==== Dataset extract ====
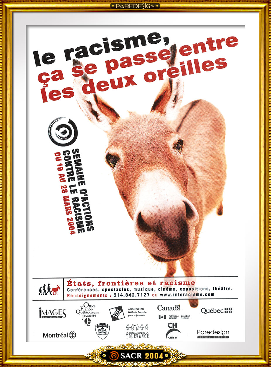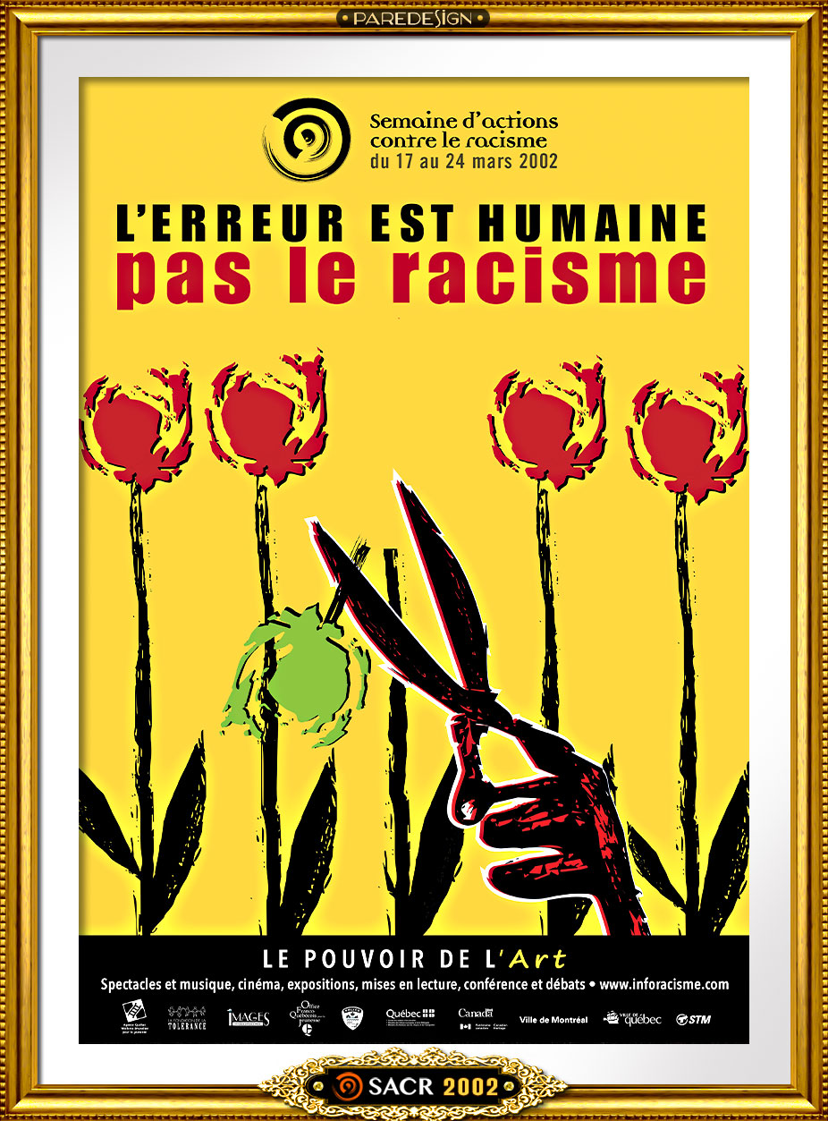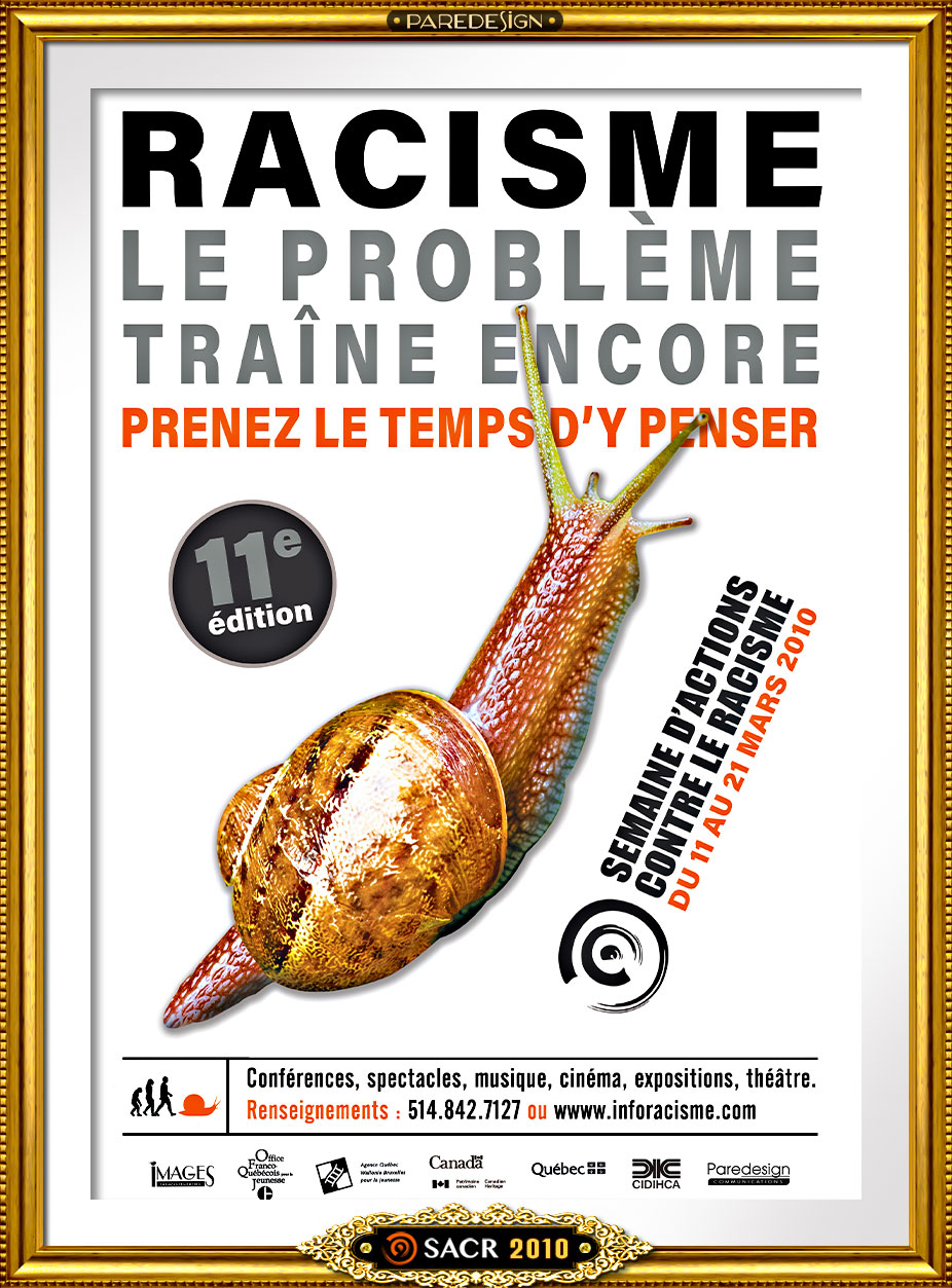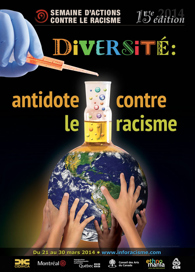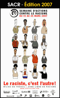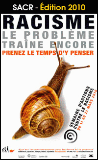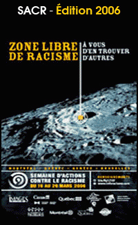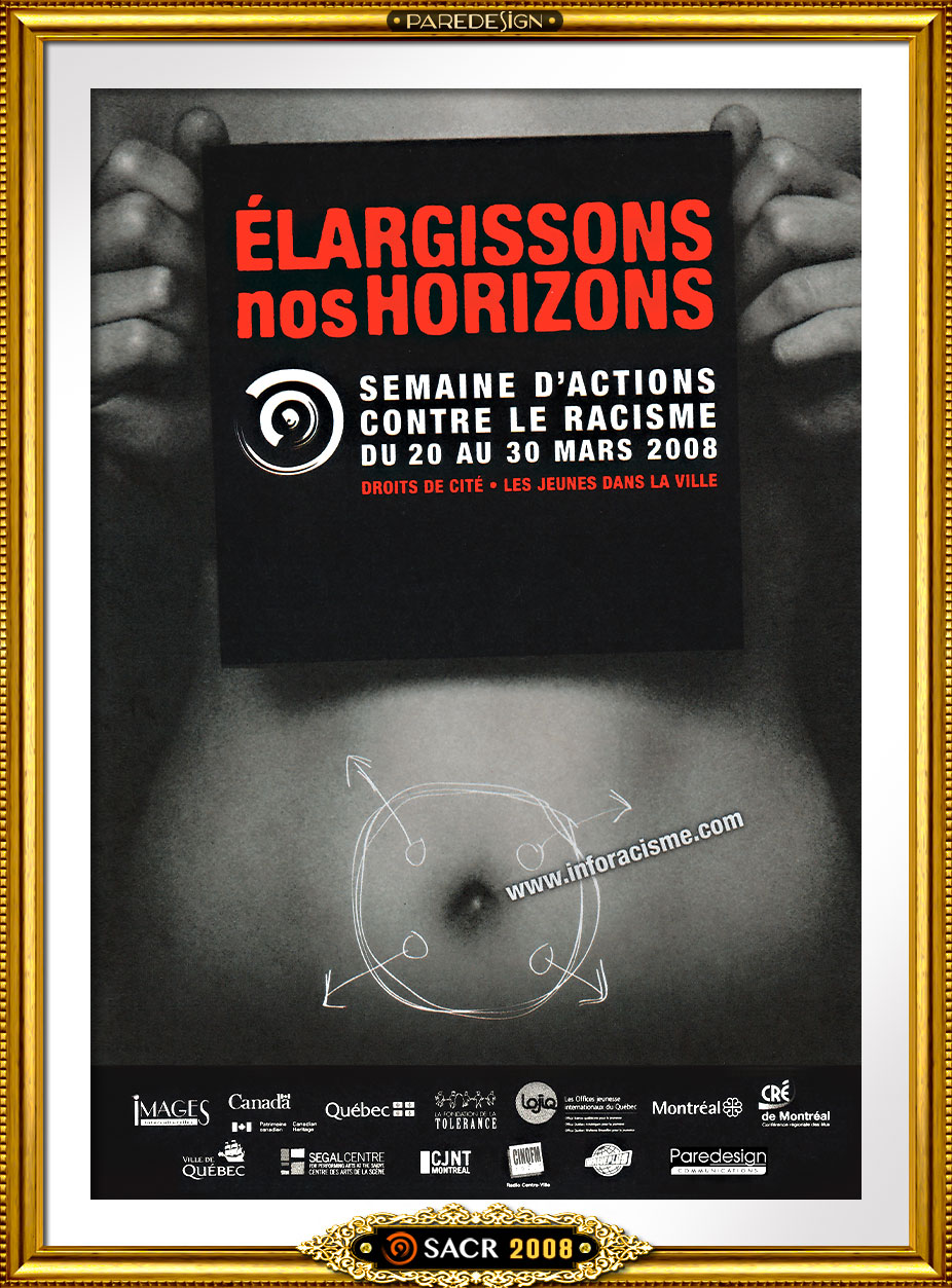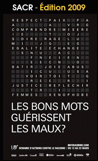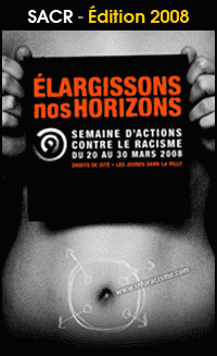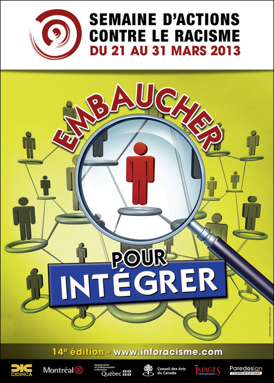 SACR-2013, 14e ÉDITION : En 2013 marque la 14e année de la Semaine d’Actions Contre le Racisme. Le thème de cette édition est «Embaucher pour intégrer». L’intégration des immigrants et des minorités racialisées sur le marché du travail est un impératif qui contribue au développement économique du Québec. La 14e Semaine d’Actions Contre le Racisme salue ses partenaires de Montréal, de Québec, de Gaspésie et de partout ailleurs. Ce sont vraiment eux les auteurs de cet événement.
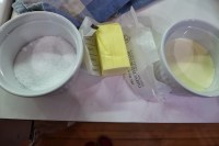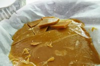 Caramel — get your ingredients together, and a medium sautepan. Put the sugar in by itself and turn the heat to medium. Mix the sugar around with a wooden or metal spatula and you’ll see it begin to melt. When it’s melted entirely, take it off the heat, and stir in the butter. It’ll start to bubble, but that’s okay, just keep stirring. Then add in the salt, and heavy cream, and put it back on the burner over medium-low heat. When it turns a golden brown color, you’re done. Pour it into a pan lined with non-stick sprayed parchment paper and stick it in the freezer for 45 minutes. When it’s done, you can shatter/cut it.
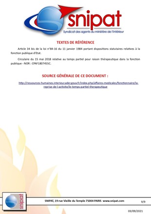 La règlementation relative au temps partiel pour raison thérapeutique a évolué avec la parution du décret n° 2021-997 du 28 juillet 2021 relatif au temps partiel pour raison thérapeutique dans la fonction publique de l'état.
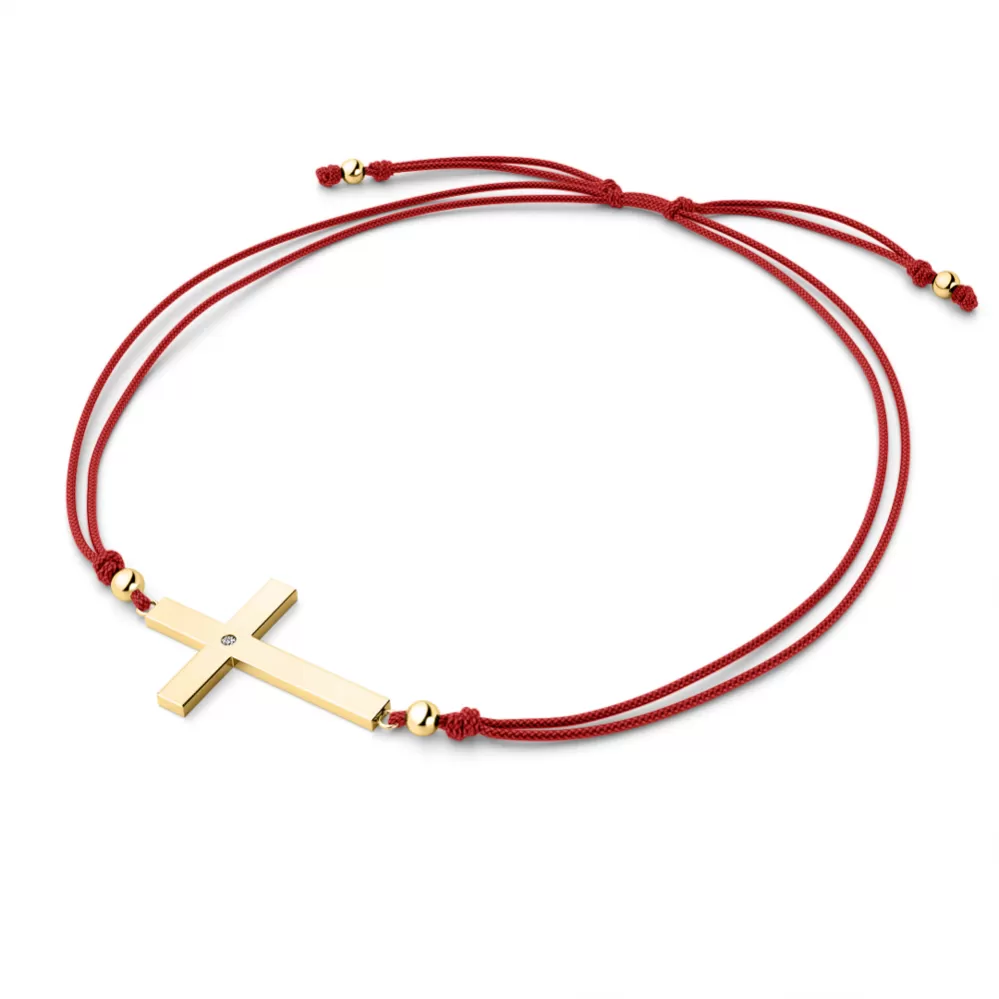Náramek je vyroben ze šňůrky červené barvy, křížku a kuliček ze žlutého čtrnáctikarátového zlata - 585/1000. V křížku je vsazen jeden kulatý diamant briliantového brusu, který zajišťuje maximální brilanci vybroušených facet diamantu, dokonale odráží světlo a krásně září z každého úhlu pohledu! Diamant je zatepaný "na hladko" přímo do kříže. Vsazování diamantů provádějí naši nejzkušenější mistři zlatníci ručně pod mikroskopem s přesností na 0,01mm a proto nehrozí vypadnutí kamínků jako to bývá u strojně vyráběných šperků.
====
> **Work to be completed**
Return the data word for word without its pictures.

> **Task result**
 SACR-2013, 14e ÉDITION : En 2013 marque la 14e année de la Semaine d’Actions Contre le Racisme. Le thème de cette édition est «Embaucher pour intégrer». L’intégration des immigrants et des minorités racialisées sur le marché du travail est un impératif qui contribue au développement économique du Québec. La 14e Semaine d’Actions Contre le Racisme salue ses partenaires de Montréal, de Québec, de Gaspésie et de partout ailleurs. Ce sont vraiment eux les auteurs de cet événement.
 Caramel — get your ingredients together, and a medium sautepan. Put the sugar in by itself and turn the heat to medium. Mix the sugar around with a wooden or metal spatula and you’ll see it begin to melt. When it’s melted entirely, take it off the heat, and stir in the butter. It’ll start to bubble, but that’s okay, just keep stirring. Then add in the salt, and heavy cream, and put it back on the burner over medium-low heat. When it turns a golden brown color, you’re done. Pour it into a pan lined with non-stick sprayed parchment paper and stick it in the freezer for 45 minutes. When it’s done, you can shatter/cut it.
 La règlementation relative au temps partiel pour raison thérapeutique a évolué avec la parution du décret n° 2021-997 du 28 juillet 2021 relatif au temps partiel pour raison thérapeutique dans la fonction publique de l'état.
Náramek je vyroben ze šňůrky červené barvy, křížku a kuliček ze žlutého čtrnáctikarátového zlata - 585/1000. V křížku je vsazen jeden kulatý diamant briliantového brusu, který zajišťuje maximální brilanci vybroušených facet diamantu, dokonale odráží světlo a krásně září z každého úhlu pohledu! Diamant je zatepaný "na hladko" přímo do kříže. Vsazování diamantů provádějí naši nejzkušenější mistři zlatníci ručně pod mikroskopem s přesností na 0,01mm a proto nehrozí vypadnutí kamínků jako to bývá u strojně vyráběných šperků.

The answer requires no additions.